A frase é do professor da Escola de Ciência Política da Universidade Federal do Estado do Rio de Janeiro (Unirio), André Luiz Coelho, em deflaração à Agência Sputnik.

“A grande maioria do que se é convencionado chamar de centrão na verdade são deputados e senadores de direita, então muito mais ligados ao bolsonarismo do que ao campo progressista”.

Como destaca o analista, é difícil separar os atores ainda que as declarações públicas dos caciques de partidos que se aliaram a Bolsonaro estejam divididas. Por um lado, Ciro Nogueira, senador e presidente do Progressistas (PP) lamentou o fato do ex-presidente Jair Bolsonaro ter de usar uma tornozeleira eletrônica.

Pelo outro, não falou muito após isso e tampouco apoiou em suas redes sociais as ações de Eduardo Bolsonaro nos EUA, apesar de tecer várias críticas ao presidente Lula da Silva.

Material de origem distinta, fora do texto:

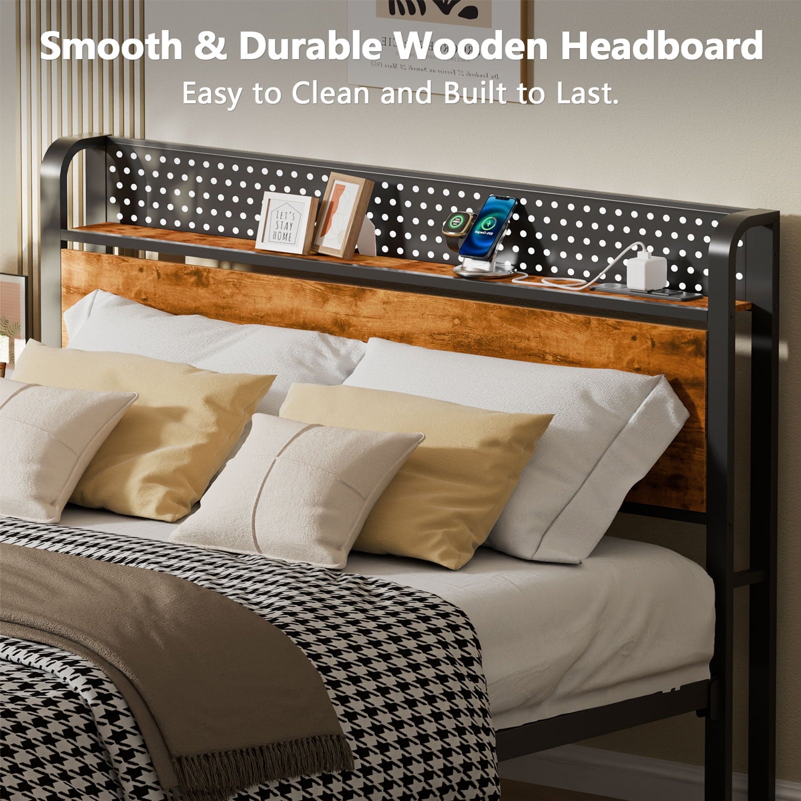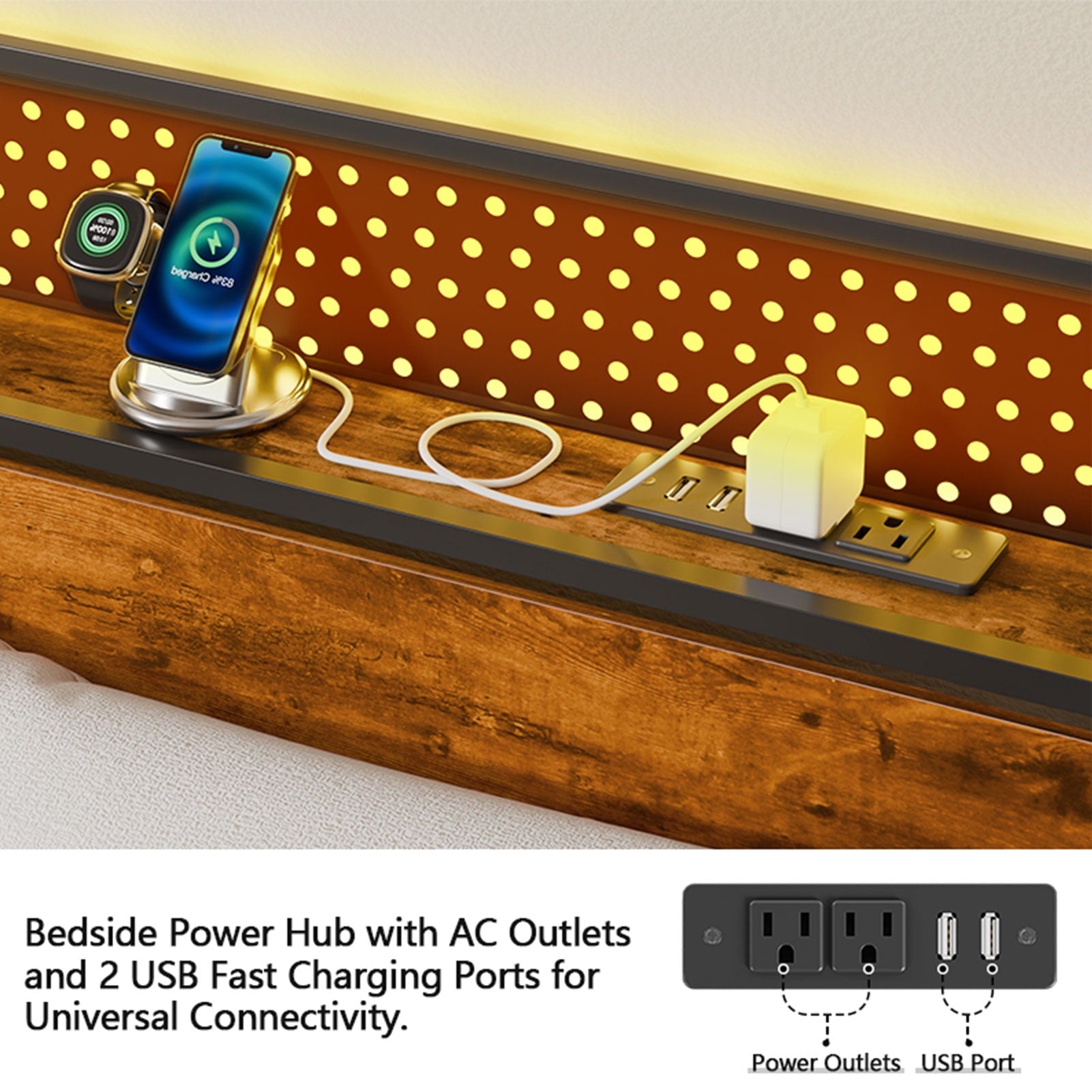 The Satifur Queen size LED bed frame is constructed from durable metal, ensuring stable support and protecting the floor from damage. It includes 2 AC outlets and 2 USB ports, allowing for convenient charging of devices such as phones, lamps, and more. The sturdy metal slats can support up to 1200 lbs and are equipped with silent sponges to reduce noise. With 20 color options for the LED lights, the bed can create any desired ambiance using a remote controller or mobile app. This rustic wood bed is a versatile and stylish addition to any bedroom, suitable for a master bedroom.

Em compensação, outros líderes como Gilberto Kassab, presidente do Partido Social Democrático (PSD); Antonio Rueda, presidente do União Brasil; Marcos Pereira, presidente do Republicanos e Baleia Rossi, presidente do Movimento Democrático Brasileiro (MDB), não fizeram qualquer menção nas redes sociais aos acontecimentos que envolvem o clã Bolsonaro nas últimas semanas.

Inelegível, o ex-presidente vê, inclusive, nomes como o governador de Minas Gerais Romeu Zema (Novo) e o governador de Goiás Ronaldo Caiado (União Brasil), se colocaram como pré-candidatos à presidência nas eleições de 2026.

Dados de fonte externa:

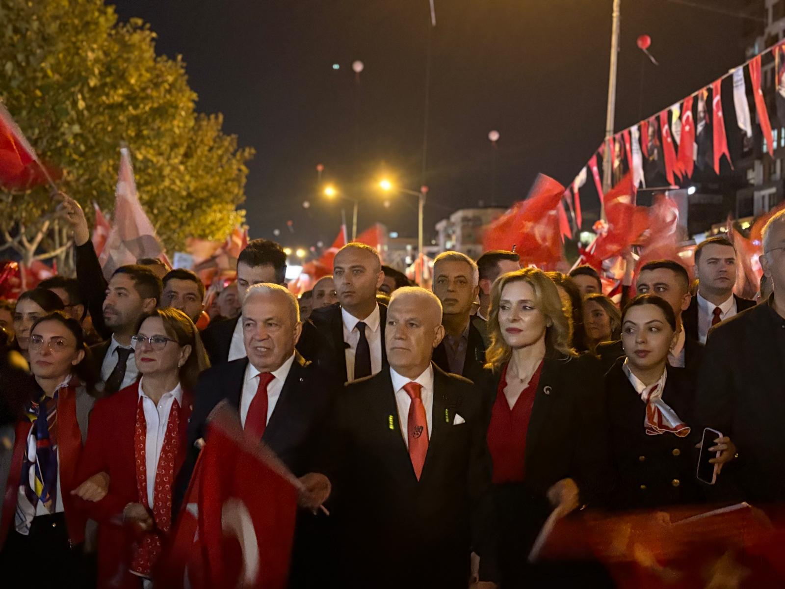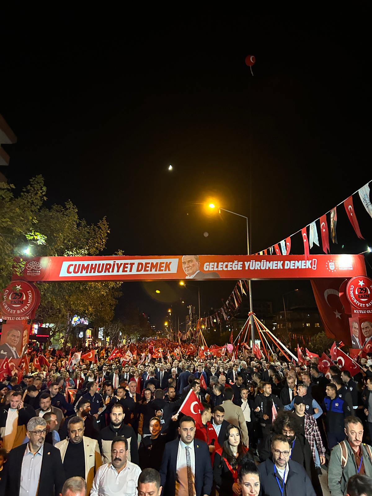 Bursa Büyükşehir Belediye Başkanı Mustafa Bozbey, yürüyüş öncesi açıklamalarda bulunarak Cumhuriyet Bayramını kutladı. Başkan Bozbey, “Tüm ülkemize tüm vatandaşlarımıza selamlar olsun. Bugün en büyük bayramımız kutlamak için toplandık. Burada Cumhuriyetimize sahip çıktığımızı göstermek için buradayız. 102 yıl önce Gazi Atatürk ve silah arkadaşları cumhuriyeti gençlere emanet ederek yola çıktılar. Vatandaşlarımız ile gençler ve çocuklar ile coşku içinde kutlamak bizim en büyük arzumuz. Biz bunu alanlarda göstereceğiz ve göstermeye de devam edeceğiz. Yaşasın Atatürk, yaşasın Cumhuriyet! Cumhuriyet Bayramımız kutlu olsun!” dedi.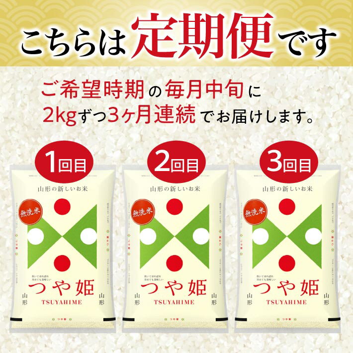 【ふるさと納税】≪3ヶ月定期便≫ 無洗米 つや姫 2kg×3ヶ月連続 計6kg 山形県庄内産 毎月中旬にお届け 東北 山形県 遊佐町 庄内地方 庄内平野 庄内米 精米 白米 米 お米 ブランド米 ごはん ご飯 連続定期便 3回連続 小分け

Alternativas dentro da própria família de Jair Bolsonaro também são citados como herdeiros do espólio do ex-presidente, que mantém um percentual importante de base fiel ao seu nome.

Segundo Coelho, Eduardo, seu terceiro filho, tenta trabalhar essa viabilidade, mas há incerteza, inclusive, se ele volta para o Brasil. O analista aponta também o nome da esposa de Jair, Michelle Bolsonaro, como cotada.

“A Michele assumiu algumas agendas dele, isso pode significar uma maior visibilidade para ela e é uma possibilidade bem concreta”, afirma. Não tendo ninguém da família na disputa, o nome seria Tarcísio de Freitas, governador de São Paulo, nota o analista.

Apesar de faltar cerca de um ano para o início da campanha eleitoral, prevista para agosto do ano que vem, a cena política é dinâmica e, conforme ressalta Coelho, a análise é feita sobre o momento atual.

Porém, em relação ao Legislativo, ele sugere que “olhar especialmente o Hugo Motta nos próximos meses e semanas pode ser um bom indicativo de onde o centrão vai se colocar”.